Barcelona is the only city I’ve visited more than once. After living in Madrid for three years, Barcelona gave me the impression of being the cooler sibling out of the two. Madrid is more composed, all suits and blazers, but Barcelona was relaxed, jeans and a sweater, and perhaps crucially, more international. It also helped that I had two family friends living in Barcelona, and hearing their college stories was enough to convince high school me that Barcelona was where everything was happening.
In my gut I knew that I would love Barcelona, and the first time I went I was not disappointed. I visited with my grandparents in early 2022 and in a tough moment that would scare all of us, my grandma got COVID, and we had to hastily return to Madrid to carry out quarantine. In that time I was still shooting with my Canon M50, and although I thought I was getting amazing photographs, I did not.
The second time I visited Barcelona, I met up with my parents during the spring break of my freshman year of university, and the excitement of seeing a city that I knew I loved kept me up the night before the flight. After a great trip, I said goodbye to my parents and made my way back to Amsterdam with chocolate that they gave me for Easter and an SD card full of mediocre-ish photos.
The third time I visited Barcelona was last week. This was different, for the first time I was going with a friend in lieu of my parents who, despite being reasonably fun people, not the ones that I wanted to hang out with at a Barcelona club at four am. I was also excited to photograph. My skills had gotten better over the last year and I knew that in this trip there would be no COVID or emotional family reunions to distract me from taking the types of pictures I wanted to take.
After arriving and settling down, we grabbed our sunglasses (a welcome accessory after a particularly cloudy Dutch winter), and I slung my camera over my shoulder.
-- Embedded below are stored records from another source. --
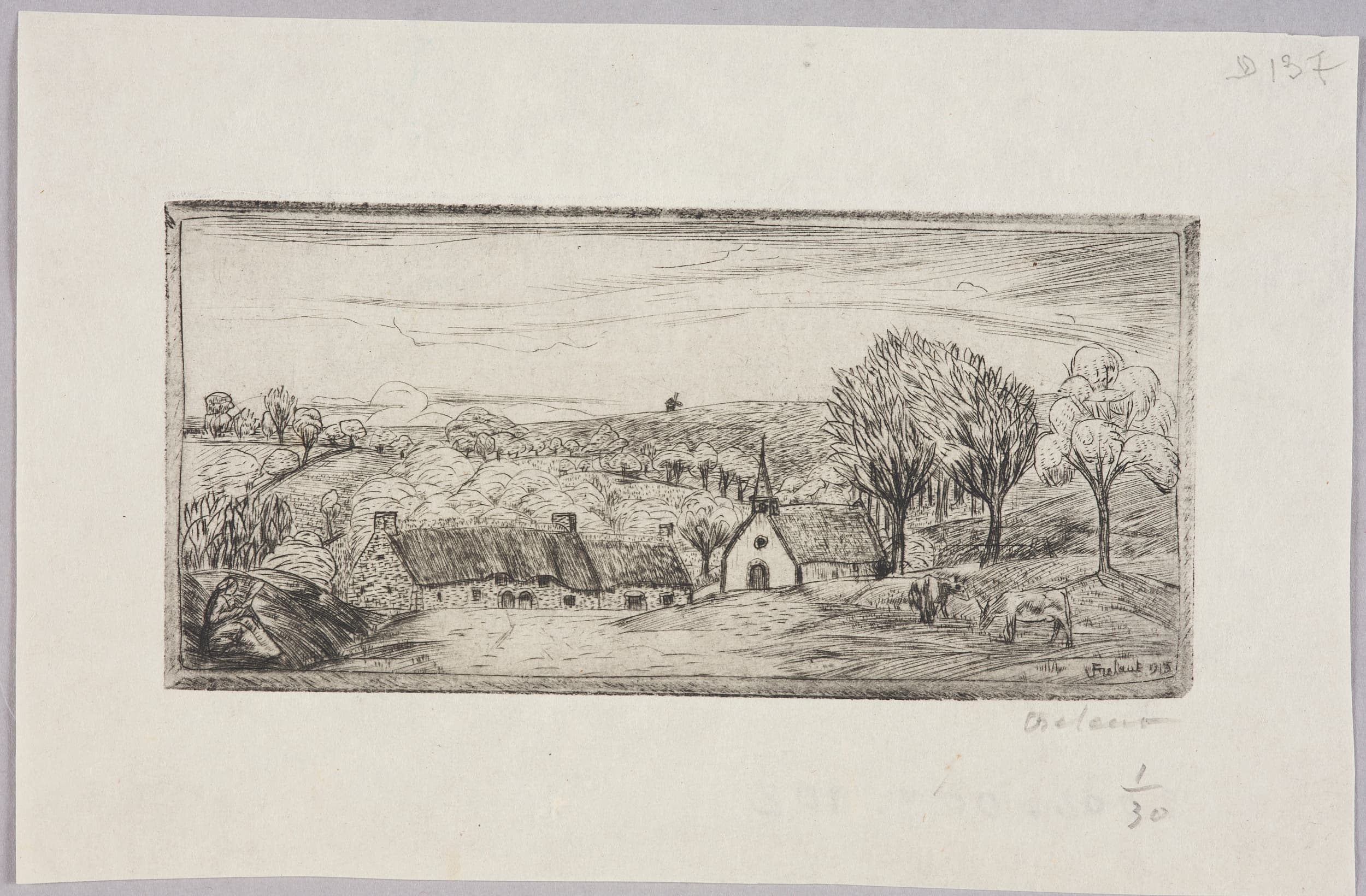 Signature b.d. marge : Frélaut ; Tirage b.d. marge : 1/30 ; Inscription h.d. marge : D 137 ; Signature b.d. gravé : Frélaut ; Datation b.d. gravé : 1913 ; Inscription b.g. revers : D.137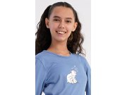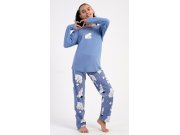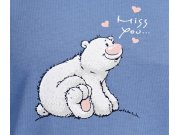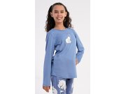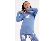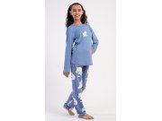 Dječja pamučna duga pidžama Medo i pingvin. Ženska pidžama sastoji se od majice s dugim rukavima i dugih hlača. Majica s okruglim izrezom ukrašena je slikom polarnog medvjeda. Ovaj motiv se ponavlja i na hlačama, koje u struku imaju gumu i vezicu za stezanje, nemaju džepove. Korišteni pamučni materijal je mekan i ugodan na dodir.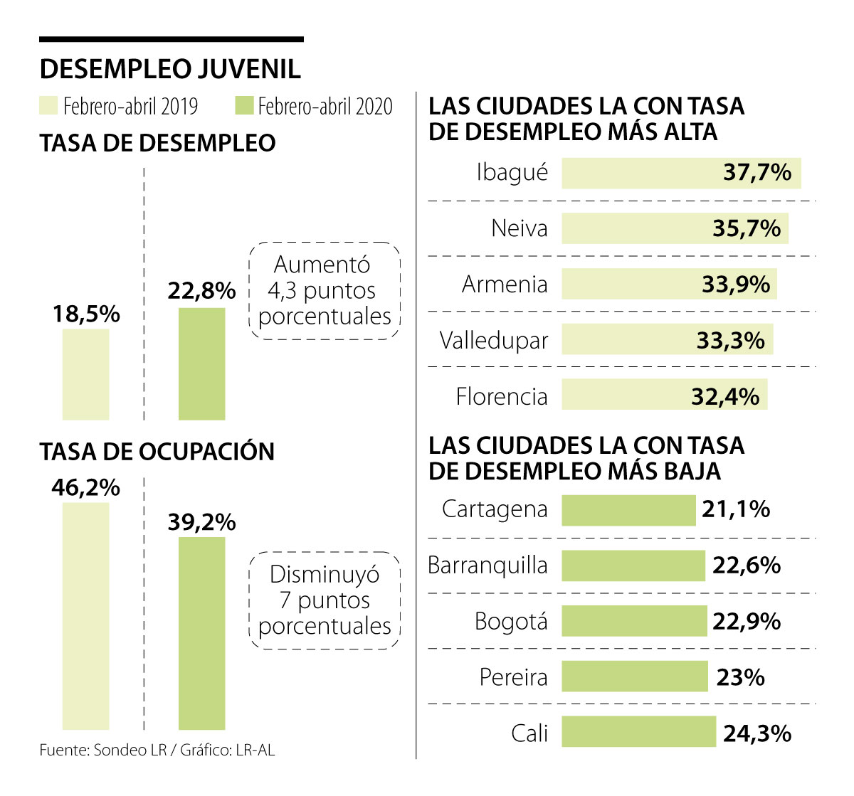 Las tres ciudades que mostraron mayor nivel de desempleo juvenil fueron Ibagué, con una tasa de 37,7%, seguido de Neiva, con un aumento de 35,7% y Armenia con un nivel cercano a 34%. En total, la tasa tuvo un incremento para todas las ciudades de 16 puntos porcentuales. No obstante, ciudades como Cartagena, Barranquilla y Bogotá mostraron datos más bajos.
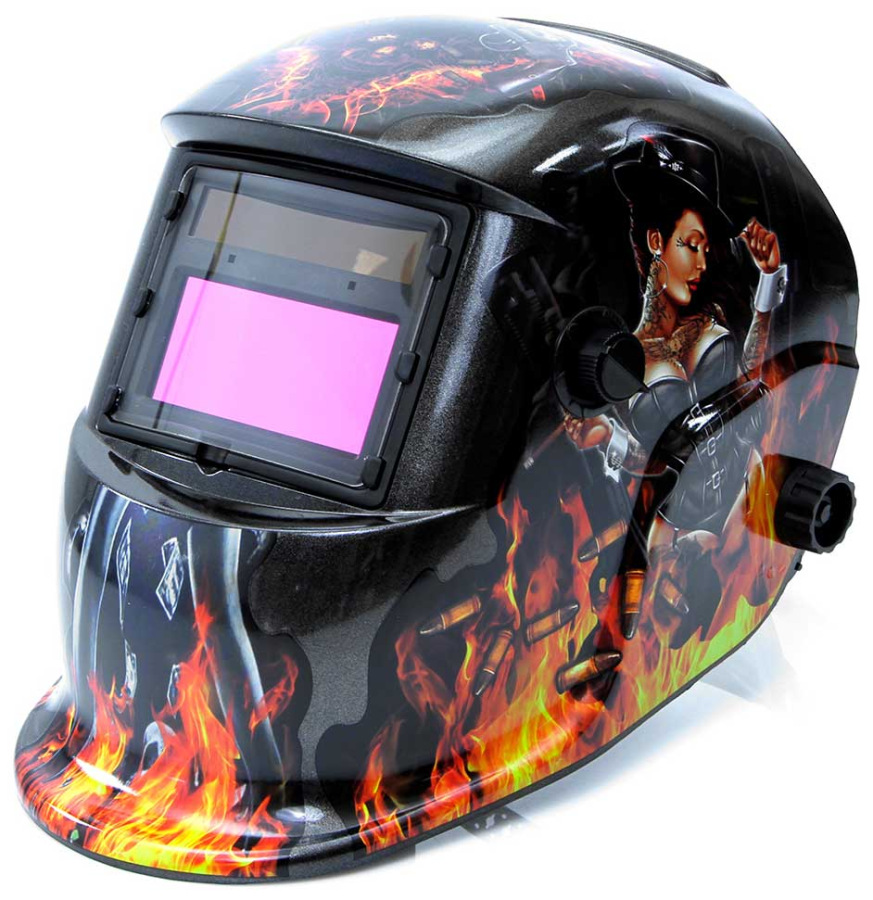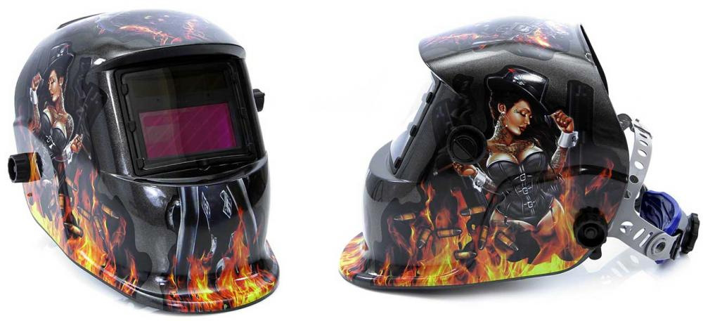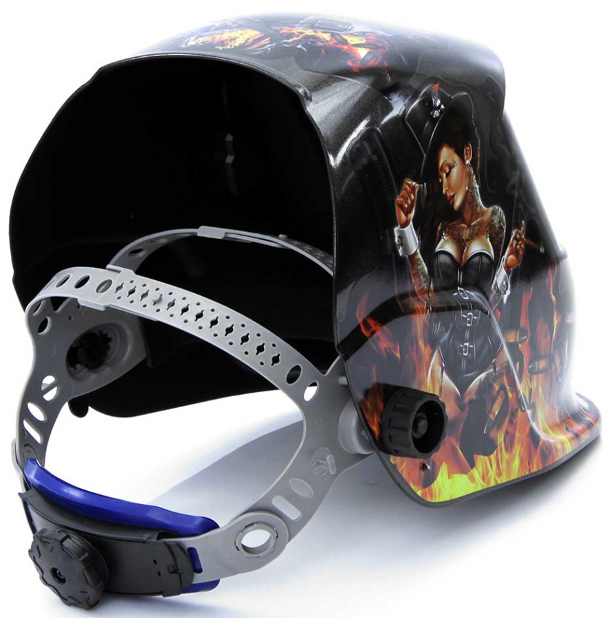 Kukla zváračska samostmievacia s nálepkou ženy v plameňoch, zorník 95 x 43 mm, MAR-POL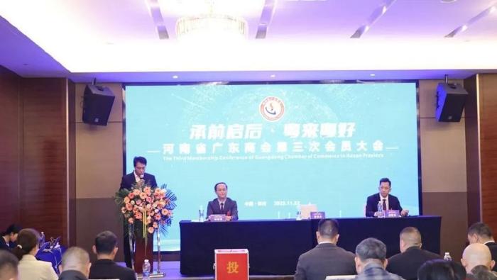 当日下午, 河南省广东商会第三次会员大会在庄严的国歌中拉开帷幕,河南省工商联组织部曾研宣读了《关于同意河南省广东商会换届选举的批复》文件。
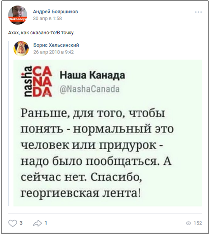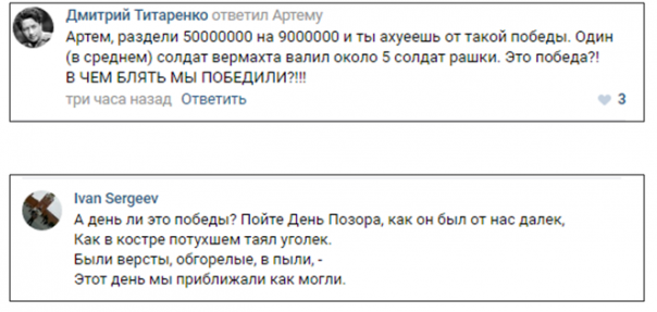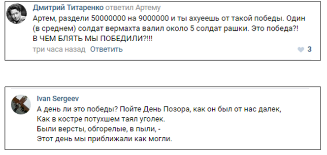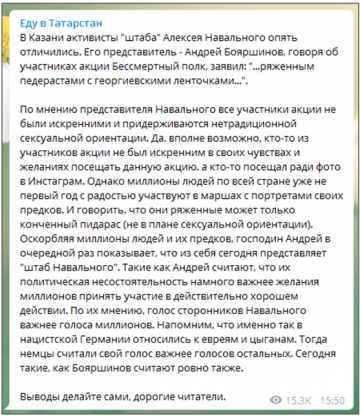 Ну а оскорблять миллионы людей, которые уже не первый год принимают участие в маршах с фотографиями своих предков, познавших ужасы войны, может только моральный урод. Бояршинов – это лицо всего штаба Навального, сторонники которого привыкли только гадить. В День Победы навальнисты глумились не только над участниками «Бессмертного полка», акцией «Георгиевская лента», но и над ветеранами. Вот такие непотребства они писали в соцсетях: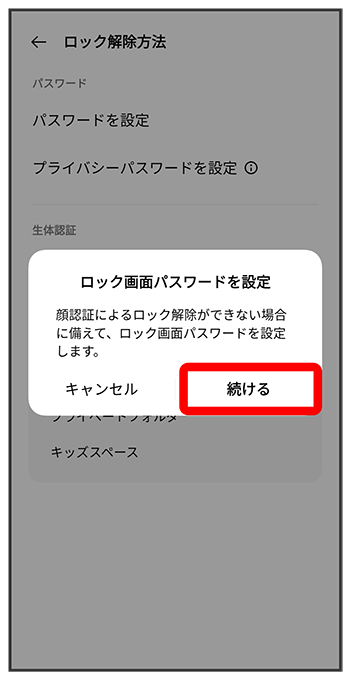 - ロック画面パスワードをすでに設定しているときは、ロックを解除する操作を行います。

It was midday and close to Easter, so the city was bustling with tourists and locals on the hunt for UV rays. Our first order of business was satiating our travel day hunger with dumplings and other great food from Mosquito, located in the Born (would recommend!!).
Then, we decided to check off some of the more touristy stuff from our Barcelona list before the density of tourists got even greater as the week guided us from a relatively normal Tuesday to Holy Thursday and Good Friday. We dragged our feet through the narrow cobble streets of the Born to the much wider and busier Las Ramblas.
I had yet to snap a photo, but then a man in his mid to late thirties zoomed past me. From behind, I could see that he had three cameras slung across his back in a very Joe Greer kind of way. It was a comical scene, this man in the crowded street, with his cameras and his roller skates. I reached for my Fuji and brought the viewfinder to my eye as I simultaneously flicked the dial from off to on with my index finger.
There was nothing to see.
I confirmed that I had taken the lens cap off the lens (common mistake), and tried turning the camera off and on again. It was not turning on. My friend looked over at me with a puzzled face. She already did not see the appeal of carrying a relatively heavy piece of equipment all day when a “phone can now shoot in 4k.”
I walked around the rest of the day feeling the weight of my faulty/broken/dead/out of battery(?) camera. The craziest thing is that I rarely remember every shot of a photo walk, and yet I remember every shot I missed that first day in Barcelona. The bright colors of the Boqueria market, the American tourists and their ridiculous shirts, the vermouth setup in every little terrace, I could go on.
Once we made it back, I left my camera charging, hoping that this would be like that one time my Kindle randomly powered off after I charged it, but knowing that it was likely not the case. The next morning I was disappointed, it was in fact not a Kindle situation. Never before had I actually wanted to be an influencer but at that moment, I really wanted to tweet/X/thread(?), to Fuji asking for advice or more information or an emergency backup.
All this to say that for the third time (and actually only time), I have no Barcelona photos to share. Not even iPhone photos because my phone is chronically out of storage. You’re going to have to go for yourselves.